Латинист и его женщины (СИ) - Полуботко Владимир Юрьевич (читать книги без TXT) 📗
— Воистину, диву даёшься, созерцая этот прекрасный и огромный Мир Божий — Дар Божий: эти горы, сложенные как будто из кусков зелёного хрусталя, эти клочья чёрного тумана, застрявшие в ущельях, и это вечное небо над нами… — и с этими словами священник поднял свою камеру ещё выше, снимая небо и облака…
Зина посмотрела туда же… А потом он положил дорогостоящий аппарат на свою одежду и, чтобы не спёрли какие-нибудь проходящие и случайные люди, заботливо прикрыл его соломенною шляпою. Вошёл в воду и снова стал играться с детьми, которые были просто без ума от его неисчислимых шуток и выдумок.
Обратиться к этому весёлому человеку, испортить ему и детям настроение Зина почему-то не решилась.
Потом они все ушли, и пляж опустел. Стало темнеть. И закапал дождь… А у Зины стала подниматься температура… Вскоре Зина почти совсем потеряла память и рассудок, и поздно вечером была обнаружена под дождём на берегу моря незнакомым мужчиной, который, не получив от неё никаких вразумительных ответов, взял её под руку и привёл прямо из-под дождя — к себе в свой спасительный дом, который находился в трёх минутах ходьбы от моря…
Случилось это первого августа 1997-го года, в пятницу, вечером.
Мужчина оказался нормальным порядочным человеком — привёл к себе в дом и уложил спать. Пока первые два-три дня Зинаида болела, он и его жена ухаживали за незнакомкой из Ростова-на-Дону, а позже её пребывание в доме на берегу Чёрного моря превратилось в обычное снимание квартиры и в обычное курортное времяпрепровождение — загорала, купалась и ничего больше…
А потом Зинаида вернулась в Ростов с какими-то новыми мыслями в голове и новыми представлениями о жизни.
Часть IV
ЗАПАД И ВОСТОК, ВОСТОК И ЗАПАД
Глава 79. ОТВЕТСТВЕННОСТЬ
Вот тогда-то, вернувшись в Ростов, она и выразила мне своё пожелание: раз уж я сижу у пульта и что-то там пишу не по-нашему и что-то при всём при этом понимаю, то чтобы я всю её жизнь изобразил в письменном виде.
И причём это должно быть не только то, что БЫЛО, но и то, что БУДЕТ.
На момент, к которому я начал эти свои записки, а именно на 14 апреля 1998 года, этот заказ был выполнен лишь до вот этих самых строк. То есть, в будущее моей соседки по коммунальной квартире я пока ещё не заглядывал.

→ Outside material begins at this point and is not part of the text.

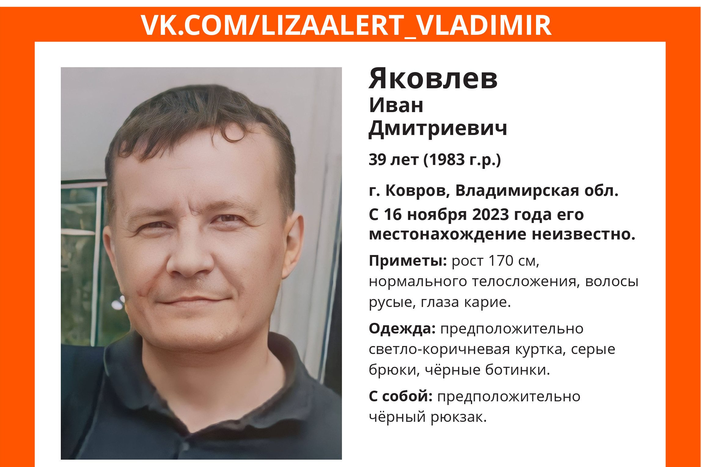 Иван Яковлев житель Коврова о его местонахождении ничего не известно с 16 ноября. Волонтеры ищут ковровчанина уже 2 недели.

Между тем, Зинаида не читала моей писанины (ей это было и не нужно), а лишь знала с моих слов, что я там всё написал как надо насчёт того, ЧТО БЫЛО, но вот только к будущему никак пока ещё не могу подступиться. Это огорчало её и даже обижало, ибо в её представлении я имел доступ в царство будущего, мог проникнуть туда, что-нибудь там сделать типа подготовительных мероприятий, а потом вернуться и сообщить: ну вот, я тебе там всё приготовил, иди вперёд и ничего не бойся!

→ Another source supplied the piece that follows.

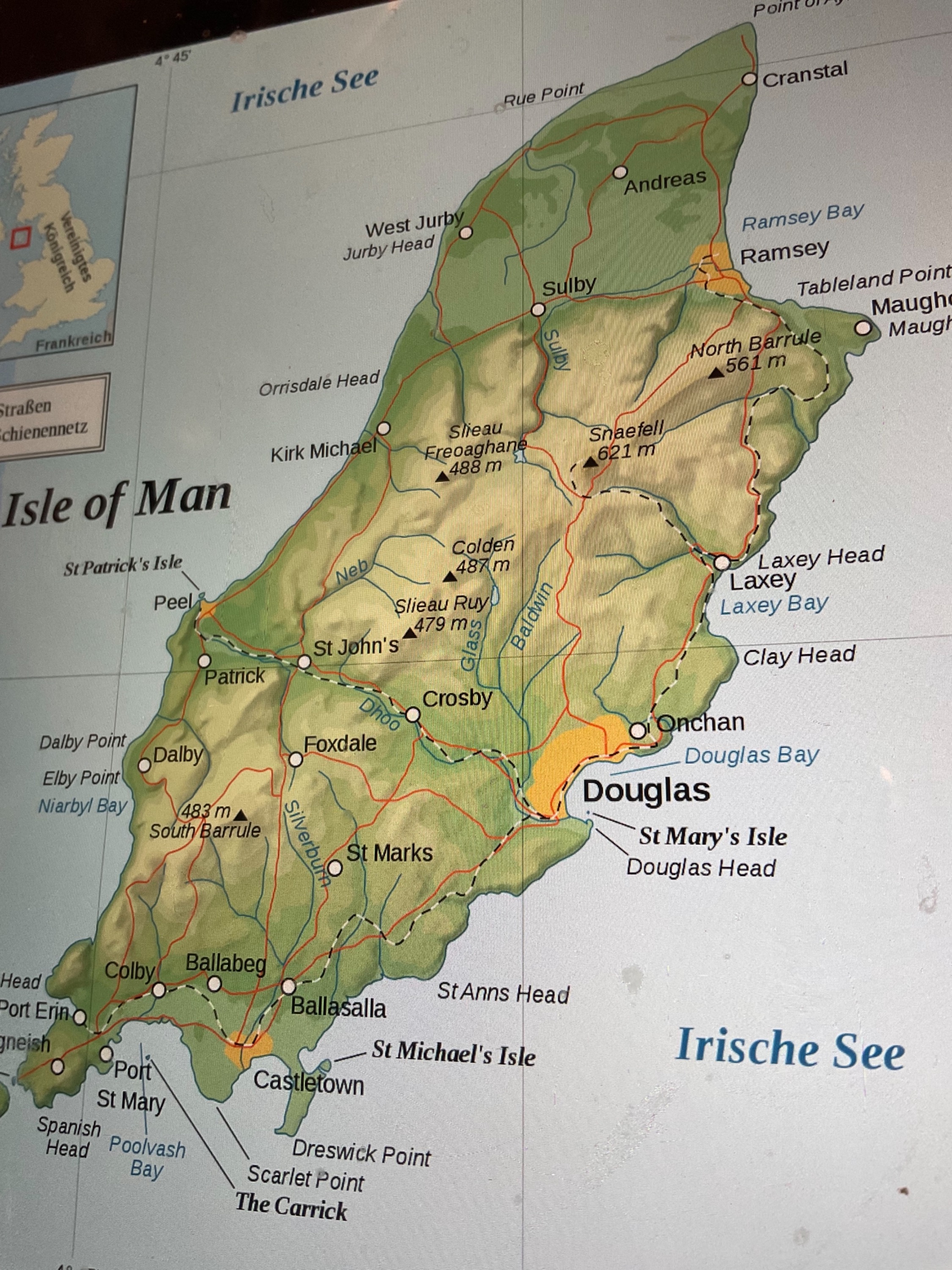 Isle of Man, ist eine britische Insel in der irischen See, der britischen Krone unterstellt, aber kein Teil des britischen Königreiches. 572 Quadratkilometer groß, 52 km lang, und 22 km breit.

И я чувствовал свою вину перед нею. И очень переживал по этому поводу. Я чувствовал, что я обязан, что я просто приговорён к выполнению этого задания. Но только сказка о красивом будущем почему-то всё никак не получалась и не получалась…
Глава 80. Я ПОЧТИ ПРОТЕСТУЮ
С другой стороны: у меня всё чаще и чаще стало возникать ощущение, что я пребываю в какой-то странной ловушке, из которой нет достойного и разумного выхода. Иногда мне даже кажется, что она — паук, а я — в её паутине… И вроде бы я понимаю, что всё это эмоции и фантазии, но понимаю и другое: если я останусь в сфере влияния этой женщины, то пропаду от того, что стану таким, как она, заражусь теми же правилами жизни, по которым живёт она.
А я не хочу. Я — другой. У меня — СВОИ правила жизни!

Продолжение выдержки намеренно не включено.